The New York Times announced today that Mohammed Morsi of the Muslim Brotherhood has moved into the presidential office in Cairo, signifying Morsi’s victory in the presidential run-off. This is the first victory of an Islamist as head of state in the Arab world.
Nate Petrocine, a senior political science and international affairs dual major from Waterville Valley was in Cairo, Egypt, during the initial round of presidential elections at the end of May. He sent UNH a report from the field. Here’s an excerpt:
“…the streets remain as peaceful as a street in Cairo can remain. There are no protests, there are no rioters, and there are no Molotov cocktails. It is a typical evening in the capital on a not so typical day in Egyptian history. And this may be the most important aspect of the election, one that we may very well overlook.

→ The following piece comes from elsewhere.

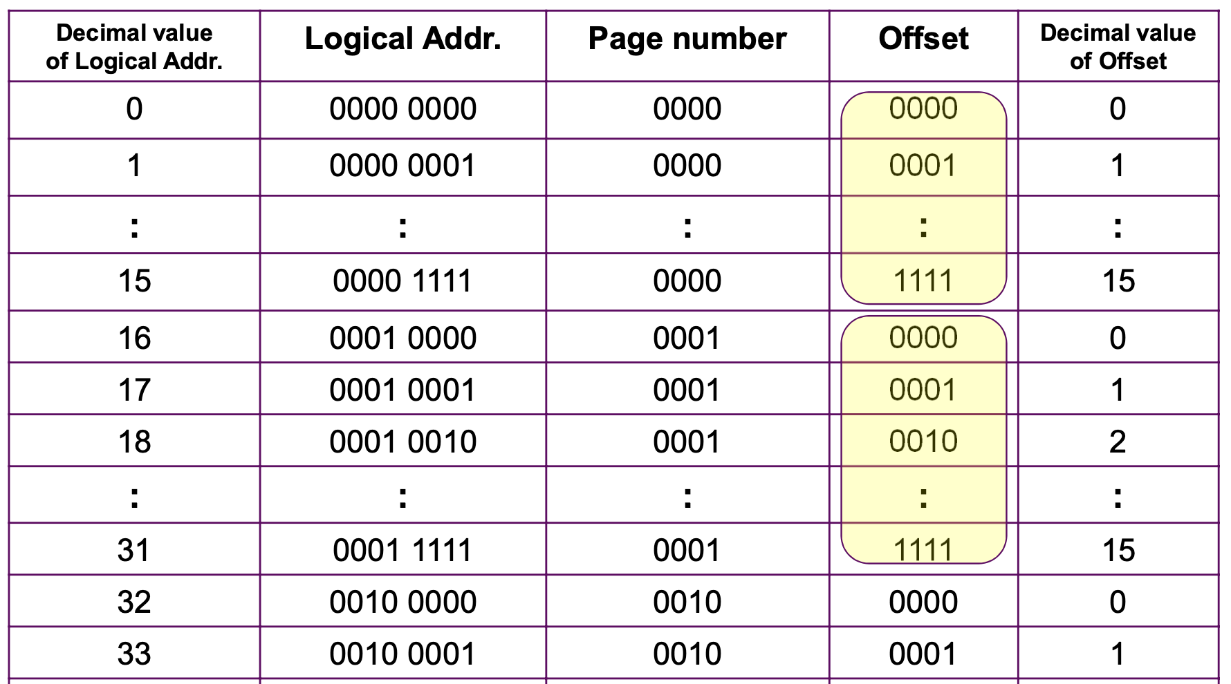 조금 더 쉬운 예시로 8비트 컴퓨터를 예시로 들어보죠. 페이지 사이즈는 16바이트라고 가정하면 offset이 총 4개가 필요합니다. 따라서 page number 4비트, offset 4비트로 구성되어 있을 것입니다.

“Egyptians are demonstrating they have the capacity to responsibly handle democratic transition seamlessly. On this Thursday evening nothing was out of the ordinary, save for the hundreds of Egyptians lining up at polling centers, waiting to cast their vote. They have taken the electoral process in stride with their everyday lives. That’s what is most inspiring. Egyptians who suffered more than 30 years of autocratic rule and 15 months of anticipation are quick to embrace democratic reform and have accepted the tremendous responsibility of choosing their first freely elected leader.”